CH391L/S14/CRISPR

Background

Decades ago, the discovery of nucleases, enzymes that cut DNA, opened the door to DNA editing. While exonucleases cleave terminal nucleotides of a DNA strand, endonucleases cleave within a DNA strand and these can do so randomnly or at precise five “letter” sequences. Surely this has been useful to edit DNA, but a sequence like TTGCC is frequent on stretches of DNA the length of genes, thus the nuclease that cleaves at this recognition sequence likely will cut all over a gene. This off-site nuclease activity limits the capability to use these enzymes (restriction enzymes) for directed gene modifications. Breakthroughs in our ability to edit genes have come in the form of techniques with better specificity, which means the targeting of a genomic sequence while excluding cleavage at other sites. Riboswitches, for example, can be made to have high affinity to a specific genome site where it can be induced to perform gene modifications, but these and other DNA targeting molecules can be costly and challenging to make. In 2007, it was discovered that certain bacteria had a defense system that combined short RNA guide oligonucleotides – virus or plasmid derived - with endonucleases. It was called the CRISPR/Cas system and it is an RNA-guided endonuclease system that targets and cleaves DNA sequences. Not much after its discovery, CRISPR/Cas systems in combination with recombination techniques were successfully used to modify genes in prokaryotes and plants. Very recently CRISPR/Cas gene editing has been shown to work even in human cells. The unprecedented versatility of the CRISPR/Cas system has empowered scientist with an easily programmable and surgically precise DNA editing tool.

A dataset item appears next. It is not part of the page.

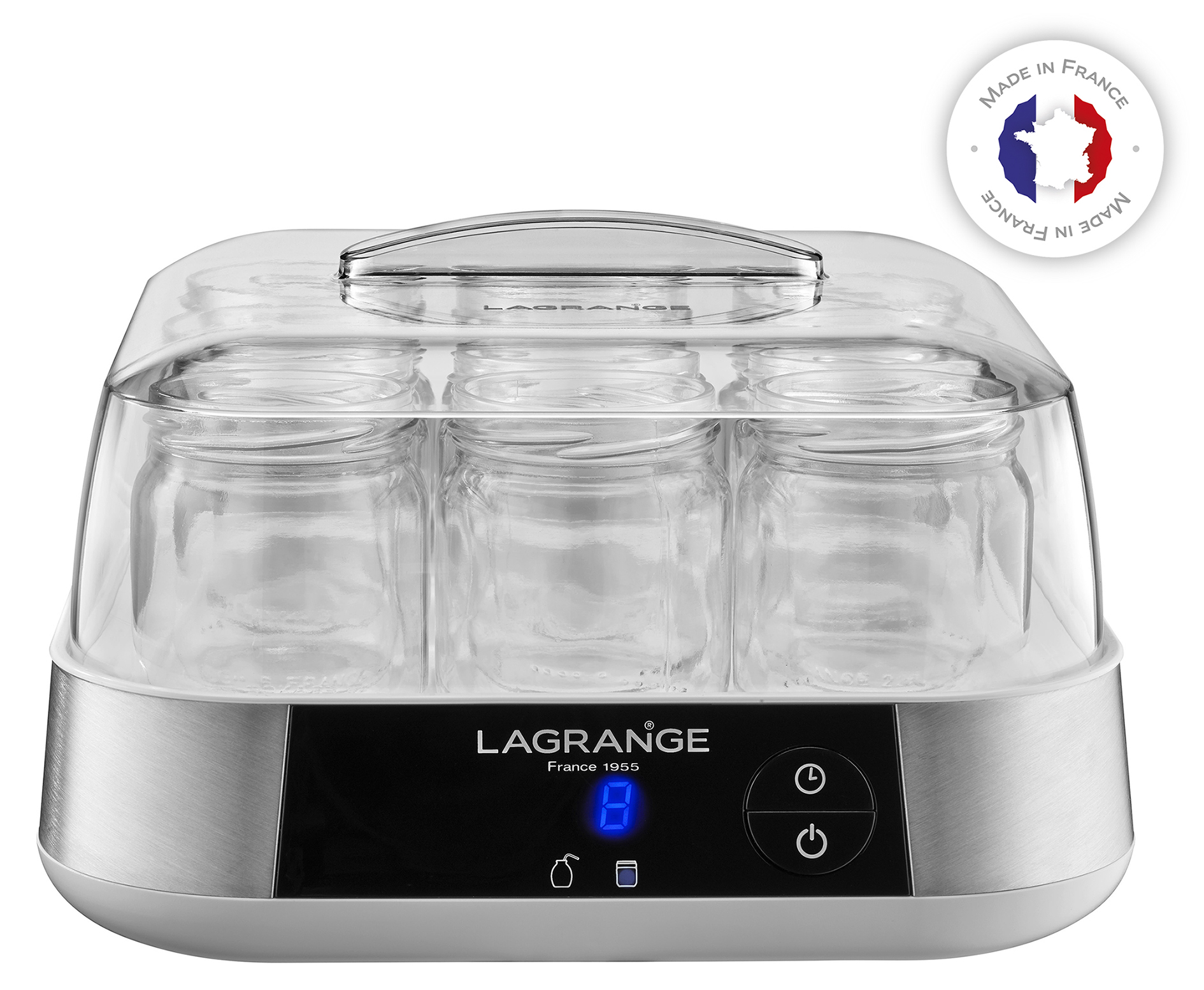 Pots verre avec couvercles empilables, Fonctions yaourts et yaourts à boire, Programmable 15 H, Arrêt automatique, Ecran électronique

How the CRISPR/Cas system works

CRISPR stands for Clustered Regularly Inter-Spaced Palindromic Repeats, and these are genomic regions where prokaryotes are known to retain the footprint - sequence fragments - of previous encounters with virus or plasmid DNA. The way it works in nature is that any newly encountered invader that the bacteria survives gets cleaved and fragments of the foreign DNA (called spacers) get incorporated between short repeat sequences in CRISPR regions. The CRISPR loci are transcribed to produce CRISPR RNA (crRNA), which contains invader-specific complimentary sequences (called protospacer). But first, transcription of CRISPR produces a long CRISPR RNA or pre-crRNA containing the 22 nucleotide (nt) repeat sequences interspaced by the diverse 20-nt spacer sequences from the foreign DNA. Then a trans-activating crRNAs (tracrRNAs) binds crRNAs repeat sequences triggering the processing of CRISPR’s initial transcript by CRISPR associated proteins (Cas genes) and ribonuclease III (RNA pol III) into single spacer-repeat sequences mounted on a Cas protein endonuclease complex. Finally, the mature CRISPR/Cas complex is left with a single spacer sequence as guide-RNA to specifically target DNA. Once it detects the target foreign DNA, it binds, unwinds and cuts at the precise complimentary sequence if it also has the correct protospacer adjacent motif (PAM) at the 3’-end, resulting in the the silencing of the invader’s genes . Thus, in nature, the CRISPR/Cas system is essentially an adaptive bacterial defense system against viruses and foreign DNA. There are three types of CRISPR/Cas systems, but the main difference is that type I and type III systems depend on a large multi-Cas protein complex, while on type II systems only Cas9 is responsible for crRNA-guided silencing. It is for this reason that CRISPR/Cas9 type II systems has been preferentially used given that the only thing needed to target a DNA sequence is to modify the guide crRNA.

CRISPR/Cas gene editing

CRISPR-Cas system genome editing generally involves three steps: (1) site specific double-stranded DNA break (2) activated DNA repair machinery (3) Non-homologous end joining (NHEJ) or homologous recombination (HR). NHEJ results in nucleotide insertions and deletions at the DSB site. This allows the experimenter to add designed oligonucleotides to perform gene editing at the specific site.